Мы шли по направлению к его дому, по улице Чкалова, до вокзала, потом через мост и дальше до набережной вниз, очень далеко. Долго мы стояли на мосту, у чугунных истертых перил, поеживаясь от холода. Время от времени за спиной грохотал трамвай. Фонари на высоких столбах светили неярко. Сережка приткнул папку к ограждению, свесил руки за перила и смотрел, как рябит в пятнах света темную воду.
Может быть, если бы Сережка что-нибудь рассказал, ему стало бы легче. Но он не любил рассказывать. Я никогда не встречал людей с такой странной манерой разговаривать. Он мог думать, спорить, развивать теории,
которые только что пришли ему в голову, но очень редко рассказывал о себе, о книгах или вообще о чем-нибудь. Может быть, оттого мне никогда не надоедало говорить с ним — он был самый интересный собеседник на свете. Ведь посмотришь — все люди вокруг что-то рассказывают, рассказывают, и тебе приходится слушать, дожидаясь своей очереди рассказывать…Там, на мосту, мне помнится, Сережка говорил о разочаровании и поражении, о том, как их понимать и как принимать. Ему отчего-то было очень грустно в этот субботний вечер. Я хорошо запомнил — это было в субботу, потому что мне сразу пришло в голову: «Я разрешаю себе лишь баскетбол, субботний вечер и перемены. Нет, перемены — это роскошь». На переменах он сидел, уткнувшись в книгу или куда-то уходил, где можно было остаться одному, — как уходил он по вечерам из лагеря в лес. Просто — думать. И долгое время все наши прогулки с ним совершались именно под выходной. Каждый раз, когда он в субботу предлагал: «Пойдем походим?» — мне становилось и радостно и жутко. Я всегда немножко пугаюсь, когда вижу проявление слишком упорной воли.
— Давай переберем все виды поражений, какие только могут быть, — начал Сережка.
— Побили в драке, — сказал я.
— Так, поражение в драке. Это не поражение. В следующий раз ты положишь на лопатки.
— А если тебя все время бьют и ты боишься драться? — спросил я.
— Вот это действительно поражение. Смотри, как интересно… Может быть, поражение только тогда настоящее, когда оно вызывает страх, окончательный отказ от чего-то? Скажем, от надежды? От надежды победить…
— Ну да! — обрадовался я. — Можно и сдаться, и уступить, но обязательно с надеждой и с уверенностью, что в следующий раз победишь, что все равно будет твой верх…
— Значит, пока есть надежда — не мечта, а надежда, — поражению нет места.
— Но так можно промечтать всю жизнь, — сказал я и немножко испугался: не лишнее ли я сказал? Не поймет ли Сережка эти слова как намек?
— Да, пожалуй… Надо ввести еще какое-то условие, — согласился Сережка. Он явно увлекся. Стоило ему начать размышлять, как он оживился и даже выглядел теперь не таким усталым.
Мы добрались до его дома в Курбатовском переулке часов в десять. Сережка пригласил меня зайти. Я поколебался. Поздно.
— Не поздно, — тихо сказал Сережка.
Ему не хотелось оставаться одному.
«Ладно, с мамой моей как-нибудь объяснюсь», — подумал я. Мне было ужасно интересно побывать у Сережки.
Разины жили в старом, еще до революции построенном, массивном трехэтажном доме с фигурной кирпичной кладкой.
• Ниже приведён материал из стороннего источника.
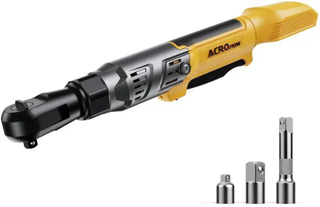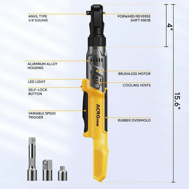 The package includes: ?1 x ACROPOW 3/8" cordless ratchet wrench, 1 x 3/8" to 1/2"adapter, 1 x 3/8" to 1/4" adapter, 1 x 3" extension bar, and 1 x User Manual.

Их квартира на третьем этаже была, вообще-то говоря, предназначена для одной большой семьи. Коридор вел в просторную кухню, а еще дальше, за кухней, была маленькая комнатушка для прислуги. Теперь квартира была коммунальной, в кухне впритык стояли две газовые плиты и с десяток кухонных столов разной высоты. Разиным принадлежали две комнаты: одна большая, у самого входа, налево, я почти не бывал в ней, а другая — вот та, маленькая, за кухней, что для прислуги.
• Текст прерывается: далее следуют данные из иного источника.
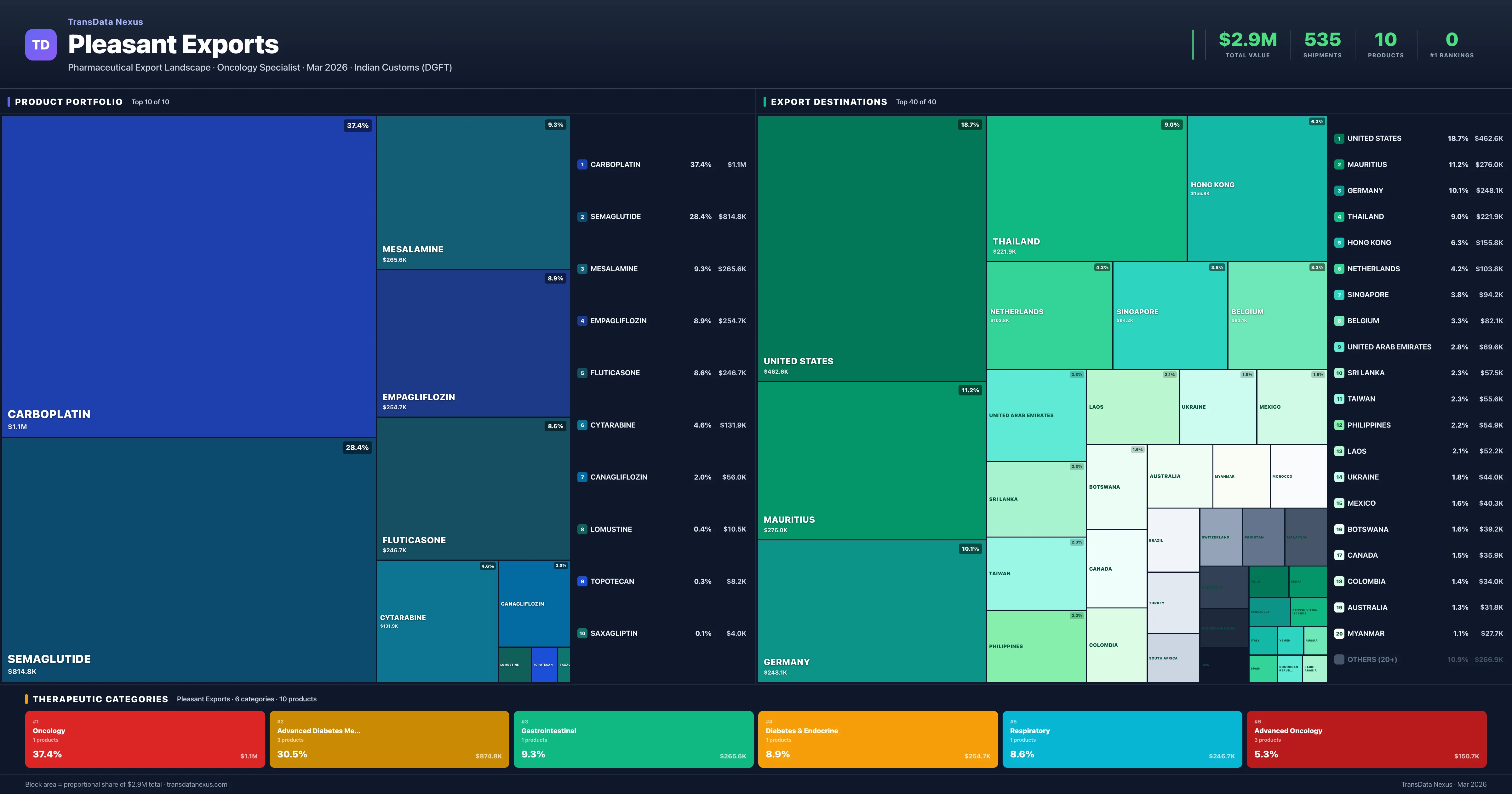 Pleasant Exports is an Indian pharmaceutical exporter with a total trade value of $2.9M across 10 products in 6 therapeutic categories. Based on 535 verified export shipments from Indian Customs (DGFT) records, the company actively competes across multiple product segments. Top exports include Carboplatin ($1.1M), Semaglutide ($814.8K), Mesalamine ($265.6K).

Раньше, когда отец Сережки кончал заочный институт, в маленькой комнатке жил и занимался он. Это продолжалось долго. Отец закончил институт уже под сорок. Сколько Сережка помнил себя, ему было запрещено появляться в маленькой комнате по вечерам. Там сидел за столом отец. Учиться ему было трудно, он часто уезжал в командировки (отец Сережки был взрывник, он строил железные дороги). А когда он наконец получил диплом и это событие шумно, с приглашением множества незнакомых Сережке людей отпраздновали, отец переселился в большую комнату, а маленькую отдали Сережке.